Brief:
All lines from the one holding "- With large" through the last line of the entries below must be transcribed exactly, and no others. Pictures do not go in.

Material provided:
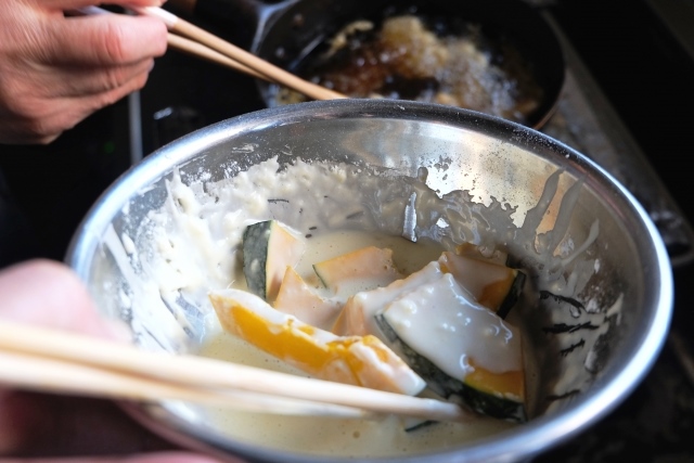 Unique examples of tempura include those made by coating boiled eggs and ice cream with wheat flour and chicken eggs, then frying them.
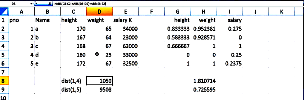- Decimal scaling= x/10^3 number of digits of maximum values
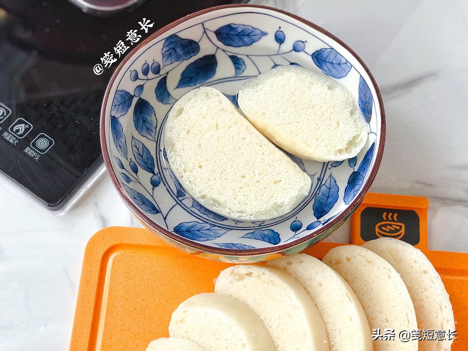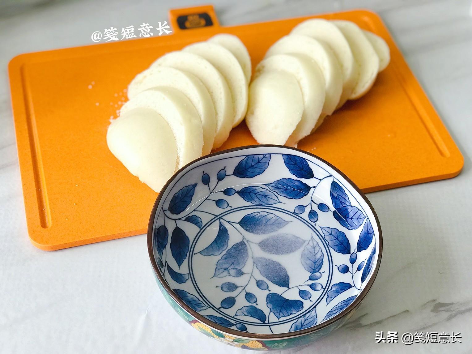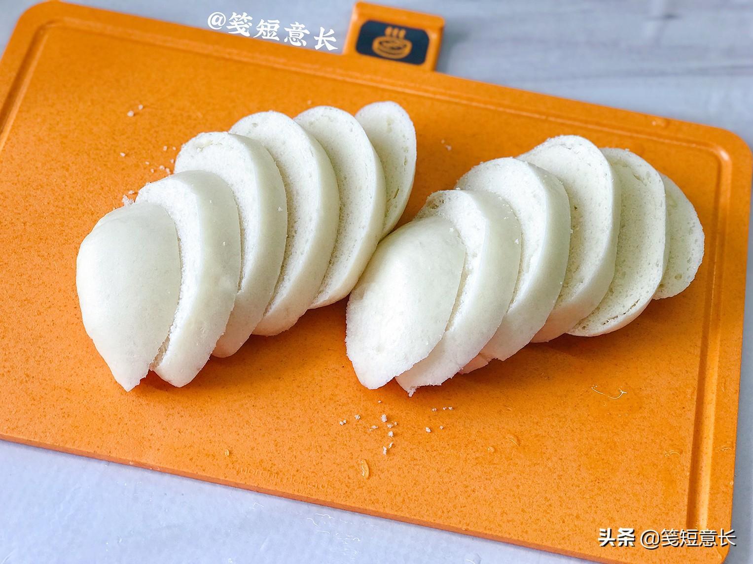 1、将准备好的2个剩馒头切成2厘米厚的馒头片,这里有个小窍门就是馒头凉了之后由于水分缺失会很干,直接切片特别容易掉渣儿,甚至馒头片直接碎裂,切馒头片时把刀放到水龙头下冲一下,再用湿了表面的刀再切馒头片几乎就不会掉渣了。
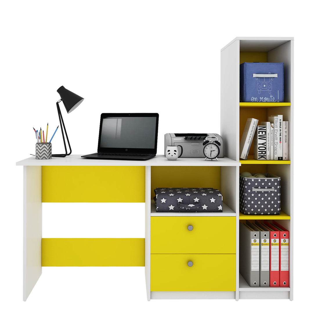 - With large open bookshelves as well as pull-out drawers, accommodate everything you need at your work station
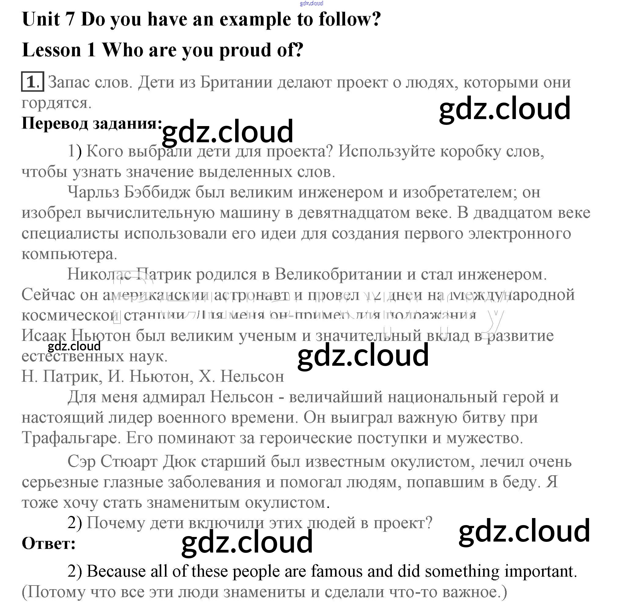 Lesson 1 Ответы к Unit 7. Do you have an example to follow? по Английскому языку 7 класс Учебник Кузовлев УМК   Просвещение
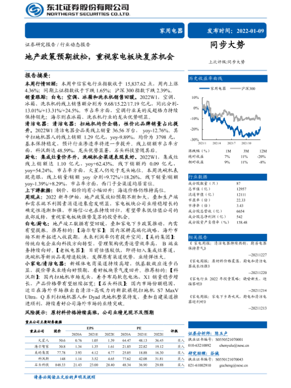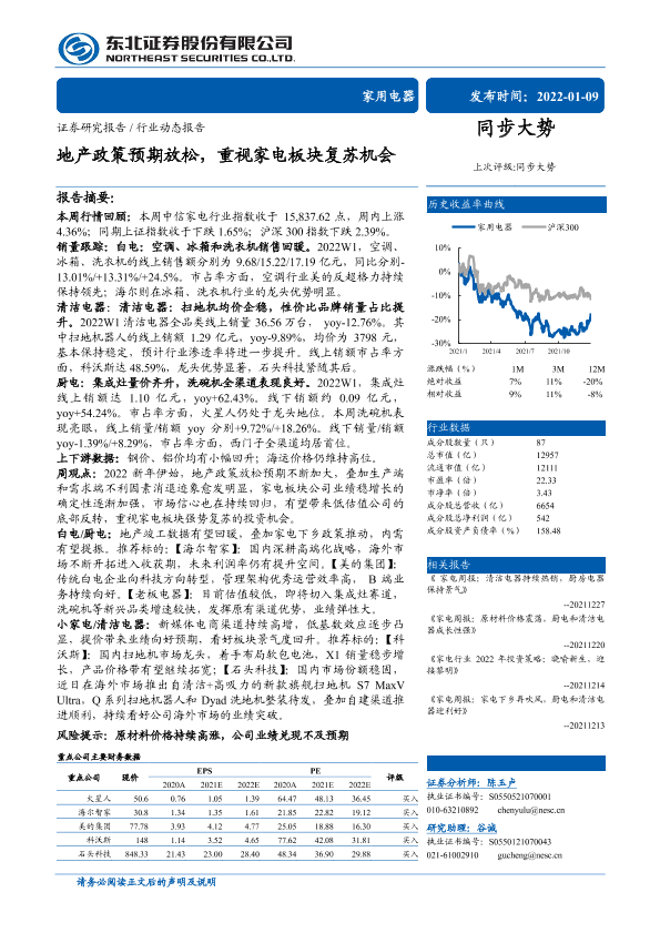 【东北证券】【20220109】家用电器行业动态报告:地产政策预期放松,重视家电板块复苏机会-16页
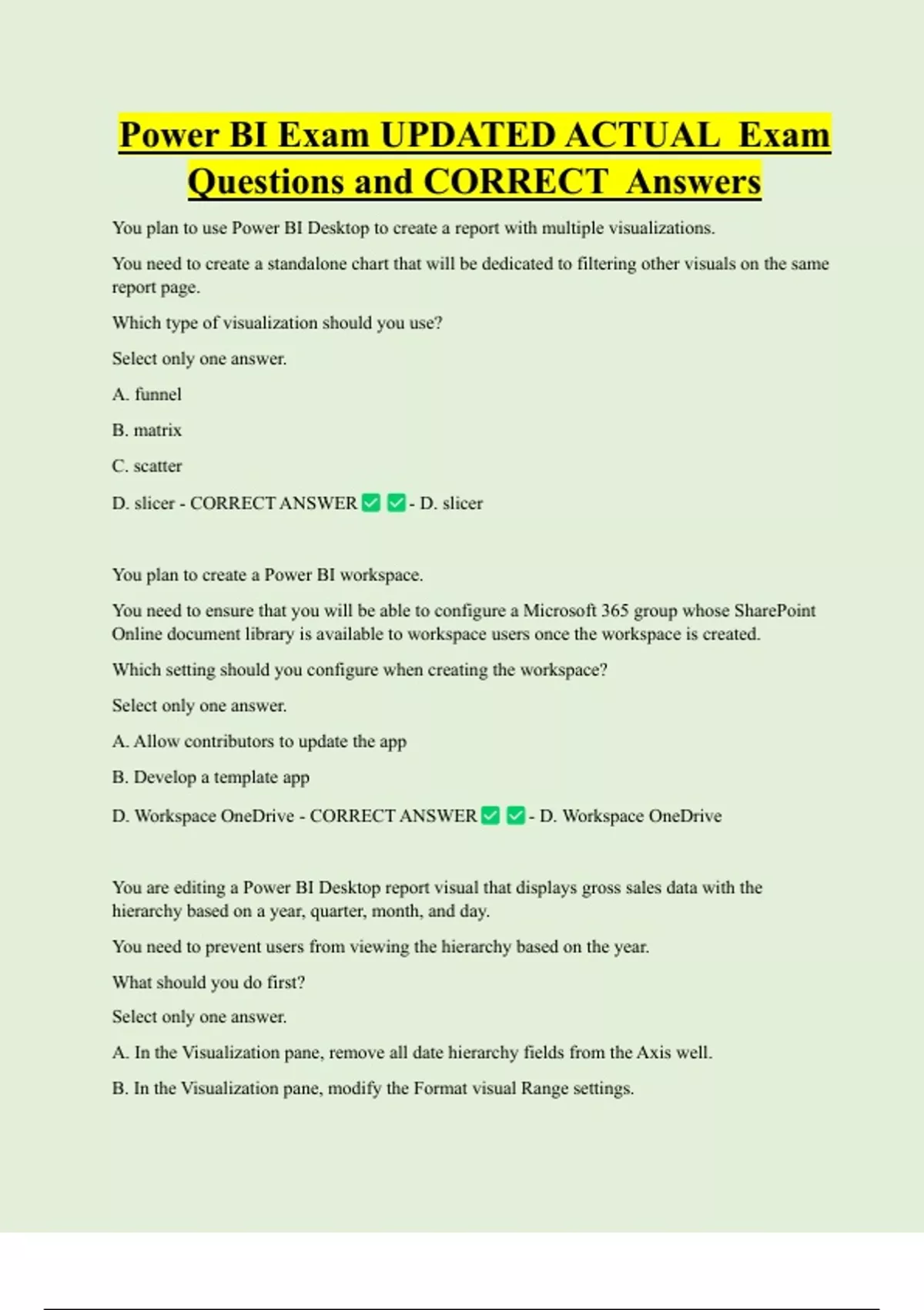 Power BI Exam UPDATED ACTUAL Exam Questions and CORRECT Answers

Answer for the task:
 - With large open bookshelves as well as pull-out drawers, accommodate everything you need at your work station
 Lesson 1 Ответы к Unit 7. Do you have an example to follow? по Английскому языку 7 класс Учебник Кузовлев УМК   Просвещение
 【东北证券】【20220109】家用电器行业动态报告:地产政策预期放松,重视家电板块复苏机会-16页
 Power BI Exam UPDATED ACTUAL Exam Questions and CORRECT Answers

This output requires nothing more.